→ DATASET EXCERPTS:
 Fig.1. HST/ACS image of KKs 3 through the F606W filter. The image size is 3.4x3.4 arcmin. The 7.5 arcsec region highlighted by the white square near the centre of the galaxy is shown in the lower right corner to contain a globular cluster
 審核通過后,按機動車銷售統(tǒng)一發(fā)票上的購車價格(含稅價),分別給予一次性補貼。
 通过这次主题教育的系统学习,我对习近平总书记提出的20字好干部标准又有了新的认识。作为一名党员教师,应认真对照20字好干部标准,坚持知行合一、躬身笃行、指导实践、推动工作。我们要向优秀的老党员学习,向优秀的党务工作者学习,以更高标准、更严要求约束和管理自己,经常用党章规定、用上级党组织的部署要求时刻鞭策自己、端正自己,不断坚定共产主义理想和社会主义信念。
--
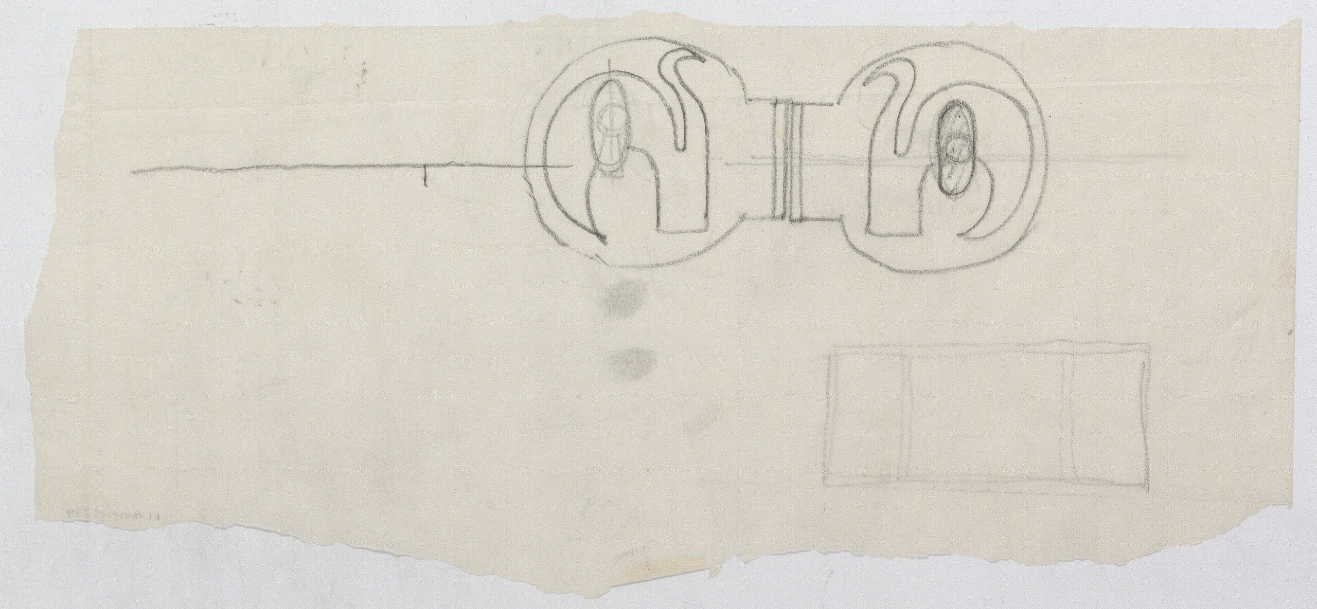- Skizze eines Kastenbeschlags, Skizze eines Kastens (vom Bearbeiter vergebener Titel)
---
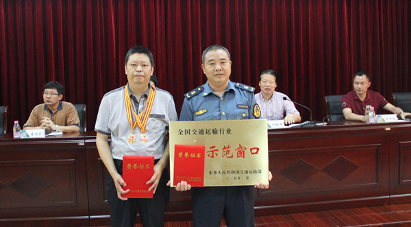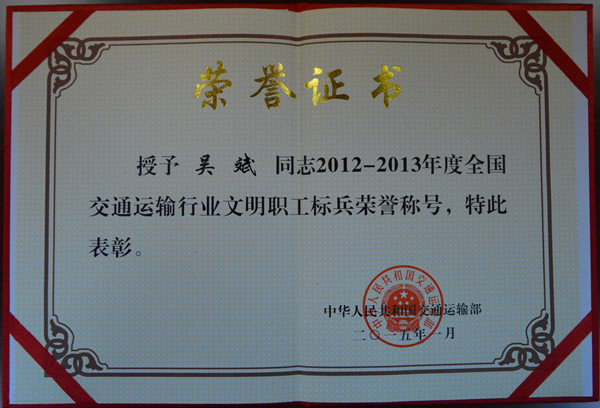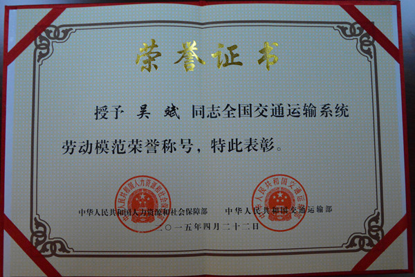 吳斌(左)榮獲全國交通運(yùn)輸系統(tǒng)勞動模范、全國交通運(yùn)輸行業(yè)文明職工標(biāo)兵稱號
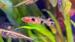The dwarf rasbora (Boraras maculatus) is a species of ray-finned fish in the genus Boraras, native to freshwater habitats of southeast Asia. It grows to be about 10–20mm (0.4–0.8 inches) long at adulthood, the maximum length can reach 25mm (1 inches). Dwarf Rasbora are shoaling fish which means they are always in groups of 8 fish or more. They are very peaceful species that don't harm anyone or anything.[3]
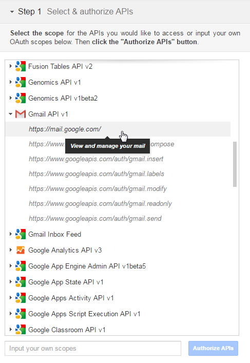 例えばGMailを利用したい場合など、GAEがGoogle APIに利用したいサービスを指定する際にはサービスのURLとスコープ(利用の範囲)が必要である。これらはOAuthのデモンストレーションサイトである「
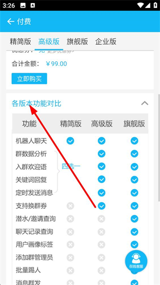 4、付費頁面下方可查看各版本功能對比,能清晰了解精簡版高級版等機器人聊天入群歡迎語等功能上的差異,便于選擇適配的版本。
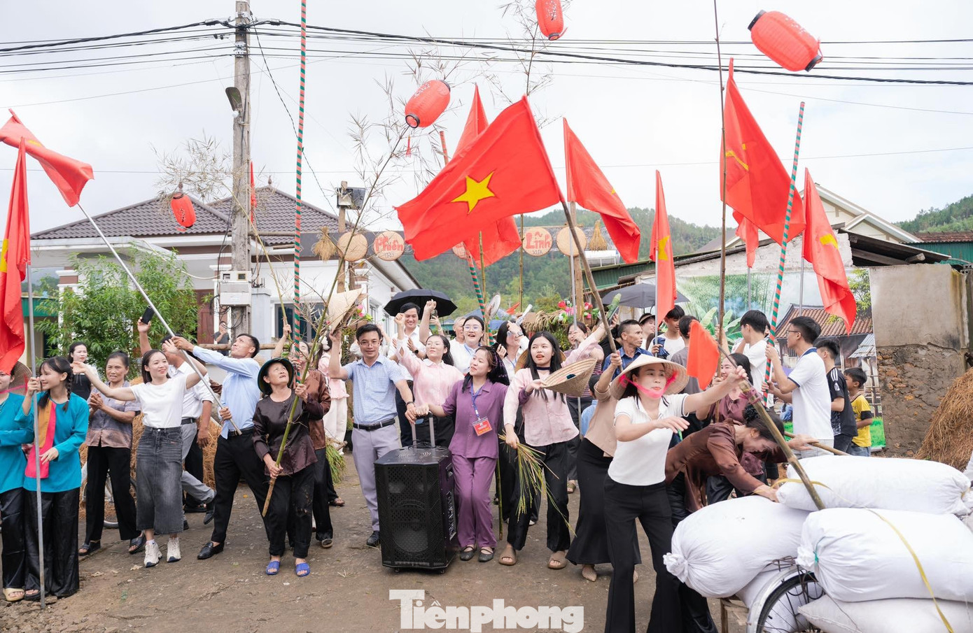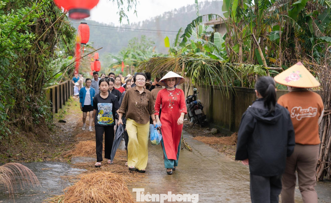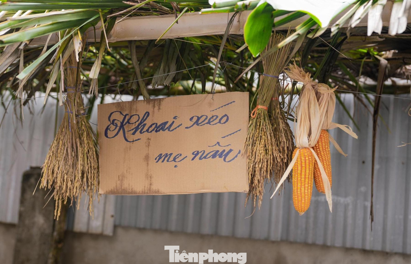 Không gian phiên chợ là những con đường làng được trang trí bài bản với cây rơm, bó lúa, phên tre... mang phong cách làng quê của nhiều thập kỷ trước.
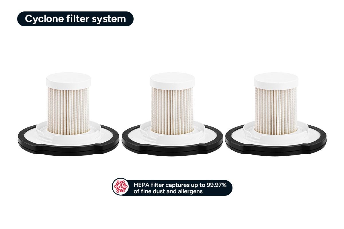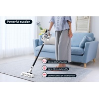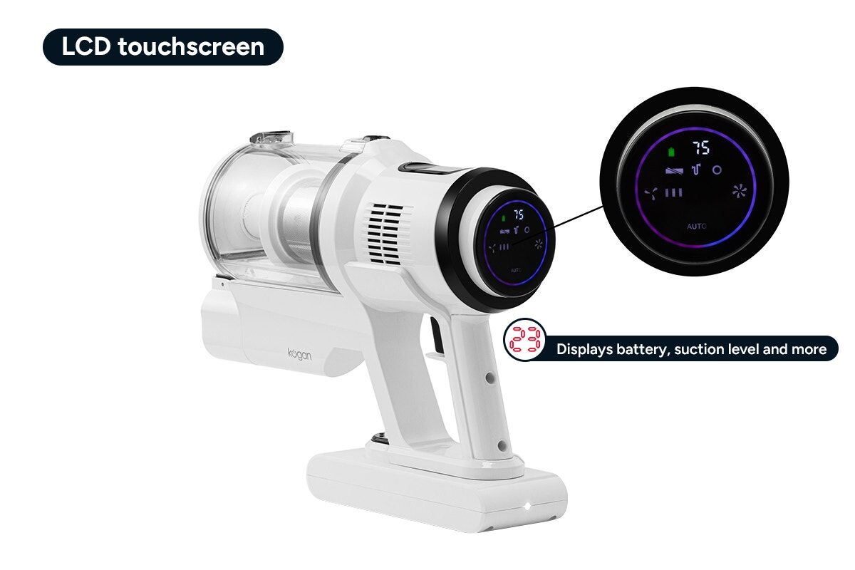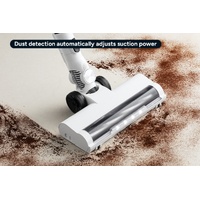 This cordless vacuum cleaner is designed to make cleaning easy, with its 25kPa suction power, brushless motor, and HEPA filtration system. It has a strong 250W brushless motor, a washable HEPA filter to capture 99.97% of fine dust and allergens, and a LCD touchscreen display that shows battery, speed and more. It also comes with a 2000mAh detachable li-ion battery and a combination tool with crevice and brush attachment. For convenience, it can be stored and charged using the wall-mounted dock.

→ PROBLEM DESCRIPTION:
From the material above, reproduce only what runs from the line holding "例えばGMailを利用したい" down to the line holding "This cordless vacuum", both included, pictures excluded.

→ OUTPUT FOR THIS TASK:
 例えばGMailを利用したい場合など、GAEがGoogle APIに利用したいサービスを指定する際にはサービスのURLとスコープ(利用の範囲)が必要である。これらはOAuthのデモンストレーションサイトである「
 4、付費頁面下方可查看各版本功能對比,能清晰了解精簡版高級版等機器人聊天入群歡迎語等功能上的差異,便于選擇適配的版本。
 Không gian phiên chợ là những con đường làng được trang trí bài bản với cây rơm, bó lúa, phên tre... mang phong cách làng quê của nhiều thập kỷ trước.
 This cordless vacuum cleaner is designed to make cleaning easy, with its 25kPa suction power, brushless motor, and HEPA filtration system. It has a strong 250W brushless motor, a washable HEPA filter to capture 99.97% of fine dust and allergens, and a LCD touchscreen display that shows battery, speed and more. It also comes with a 2000mAh detachable li-ion battery and a combination tool with crevice and brush attachment. For convenience, it can be stored and charged using the wall-mounted dock.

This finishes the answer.